The org chart now includes agents. But accountability still sits with humans.
The org chart now includes agents. But accountability still sits with humans.
As humans and AI increasingly share the work, the C-suite is being forced to answer a question most companies have not fully confronted: who owns the outcome?

Work is no longer done only by people. Yet most org charts still assume it is.
Across industries, leaders are experimenting with AI copilots, autonomous agents and workflow automation. Teams are using agentic AI to write code, generate marketing campaigns, analyse contracts and even triage customer issues. The productivity potential is clear.

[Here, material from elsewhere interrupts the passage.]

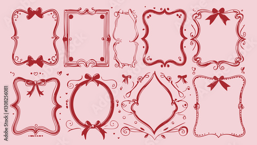 Elegant hand-drawn doodle frames with hearts, bows, and wavy lines in vintage coquette style for invitations and stationery
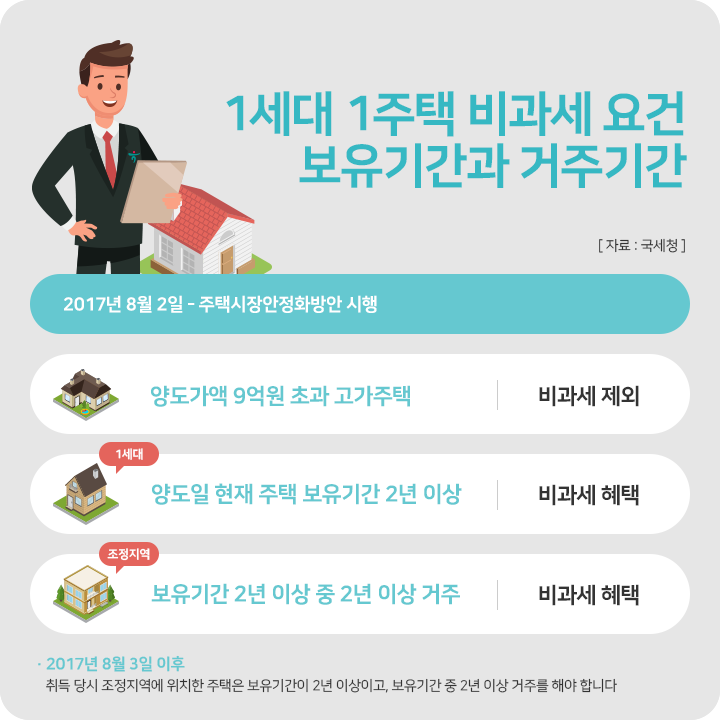 1세대가 양도일 현재 국내에 하나의 주택(양도가액 9억 원 초과인 고가주택은 제외)만을 보유하고 있는 경우로서 당해 주택의 보유기간이 2년 이상인 경우에는 양도소득세가 과세되지 않습니다. 다만, 2017년 8월 2일 ‘주택시장안정화방안’에 따른 조치로 2017년 8월 3일 이후 취득 당시 조정지역에 위치한 주택은 보유기간이 2년 이상이고, 보유기간 중 2년 이상 거주를 해야 합니다.

Given the magnitude and impact of this technological shift, ZRG is embarking on a series of conversations with senior leaders about how accountability and ownership evolve as humans and machines increasingly share the work.
Policy experts and business strategists alike are beginning to focus on a fundamental question: where does accountability sit when AI acts?
In many organisations, the conversation still revolves around ownership of the technology. Is this an IT initiative? A data initiative? An HR transformation effort? Sometimes the debate centres on who controls the AI budget or the tools.
But the reality is different.
Agentic AI creates a new accountability gap.
As ways of working are redefined and “work” becomes the output of both human and algorithm, accountability for that output becomes less clear. It sits in the spaces between traditional functional boundaries. The leaders who design work, the leaders who deploy technology, and the leaders responsible for business outcomes are now collectively shaping how work actually gets done.
So, when agency is no longer implicitly linked with human ethics and decision-making norms, when resources are not always human, and when agentic AI is democratised rather than centrally governed, who is accountable?
In many companies, accountability still follows legacy lines: Technology teams manage the platforms; HR manages the workforce; Business leaders own the commercial outcomes.
But digital labour sits across all three. So where does the buck stop? And with whom?
But digital labour sits across all three.
Technology leaders control how systems operate. People leaders shape how humans work alongside them. Business leaders ultimately carry the results.
The reality is that accountability is becoming shared by design.
The real shift is not technology adoption. It is work redesign.
The first insight leaders are confronting is that AI adoption quickly becomes a question of operating model design.
Consider software development. Engineers now routinely use AI coding assistants to generate large portions of code. The productivity gains can be significant. But the work itself changes. Developers spend less time writing code and more time reviewing, refining and orchestrating outputs.
Who owns the quality of that output? Who ensures teams have the skills required for this new role construct?
The CIO may oversee the tools. The engineering leader manages the team. But the work has fundamentally changed, and the accountability structure often has not.
The same pattern is appearing across functions. Marketing teams generate content with generative AI. Legal teams use AI to review contracts. Finance teams automate analysis and forecasting.
While some organisations are still adding technology to existing roles, many are moving towards a fundamental redesign of how work is performed. Yet the leadership structures responsible for that redesign are often unclear.
Technology ownership alone will not solve the problem.
Some organisations attempt to address this by assigning ownership of AI to a single functional leader. Often this sits with the CIO or a newly created AI leadership role.
That clarity helps with infrastructure and governance. But it does not fully address the work design challenge.
Technology leaders can design and deploy the tools, but they cannot unilaterally redesign how thousands of employees and machines collaborate across the enterprise.
The same is true for HR. Workforce strategy matters deeply, but HR leaders do not control the enterprise technology environment or the operational workflows where AI is deployed.
The reality is that no single function owns the entire problem.
The organisations that move fastest will treat this as a shared leadership challenge.
The most forward-looking companies are beginning to treat AI not as a technology initiative, but as a work redesign challenge that spans the leadership team.
Agentic AI is now integral to operating models and org charts. But accountability for how work gets done remains firmly with the human leaders who design the system around it.
How leadership teams adapt to this new paradigm, and to the blurring of functional boundaries it is already creating, will define organisational success in the years ahead.